体型や顔に反して男まさりの彼女は、キャンティーンでは何人もの男性に取り囲まれ、スコール後の青空のようだった。
彼女と同じ部屋で働いて、1年くらい経った頃だろうか。
仕事が深夜に及び、部屋に彼女と2人だけになってしまったことがある。
いくら世界屈指の安全な警察国家でも、深夜にうら若き女性を1人タクシーで帰らせることには不安があった。
Qちゃん、家まで送るよ。
私は気楽に声をかけた。
が、彼女には珍しく生返事。
もじもじしている。
いいから、一緒に帰ろう。大丈夫。狼にはならないから。
そんなことを言った気がする。
ドアを閉め、エンジンをかける。
で、どっち?
……。
えっ?
訊き返す。
絞り出すような声から、極めてよく知る地名が出てくる。
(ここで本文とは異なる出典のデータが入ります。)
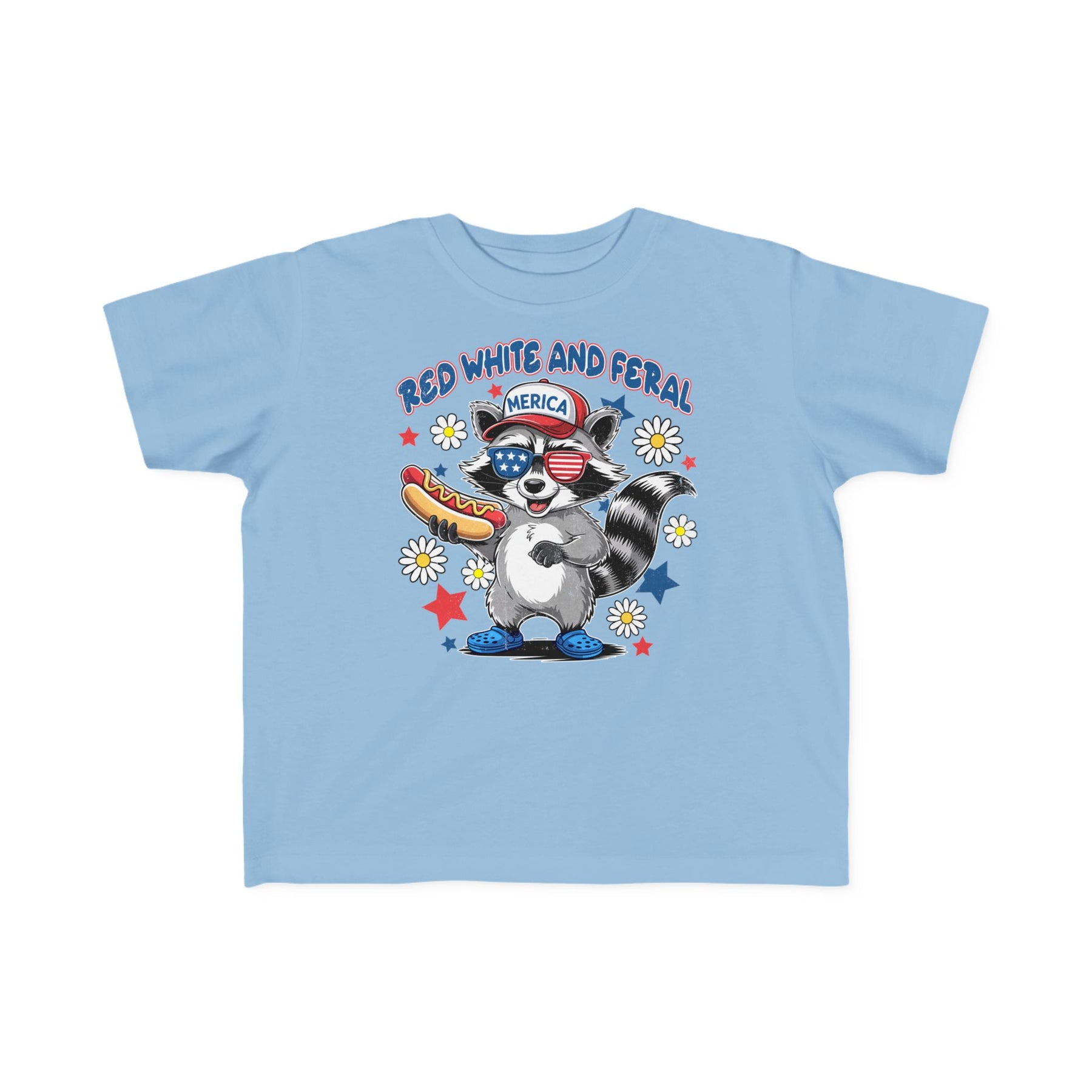 Toddler tee with soft fabric, classic fit, and durable print; titled Red, White and Feral 4th Toddler Tee, ideal for sensitive skin and early adventures.

そこで、それまでの疑問が解けた。
当時流行っていた中森明菜の歌の歌詞にも似たそこは、若い駐在員の間では最も知られている場所でもあったからだ。
しかしながら、その地がすべてがそういう場所であるわけではないのは当然だ。
が、やはり口に出しにくかったのだろう。
だから私は、耳を空気にしてアクセルを踏んた。
車の中のQちゃんは、昼間に見る風を切って会社を走り回る彼女ではなく、青菜に塩になっていた。
それから1、2年後のことだ。
私はその国から少し離れた、サバイサバイ国に異動となる。
その時彼女から、餞別に1組のスプーンセットをもらった。
その意味が何なのかは知らない。
私の中では、Qちゃんは人前で機関銃を打つような強い女ではなく、あくまでもしおらしい女性との印象がある。
その後Qちゃんは会社を辞め、今はビクトリア国あたりに住んでいるらしい。
Qちゃんと言ったなら、機関銃とセーラー服、豪快な笑顔を思い浮かべる方が多いに違いない。
が、私には、少しばかりメロウな記憶が甦るのである。
最近は昔話が増えてきた。
あるいは、何が近いのかいなあ?
いや、いまだに煩悩が103個くらいある私は、あちらに行く気などさらさらない。
そういえば、私がサバイサバイ国に異動になる頃には、Qちゃんの首筋のベビーパウダーが消え、うっすらとスズランの匂いを漂わせるようになっていた。
たぶん、アナイス・アナイスあたりだろう。
おそらく、ゲランのミツコではないと思う。
と知ったようなことを書いたが、実のところNo.5とNo.42の違いさえ分からない。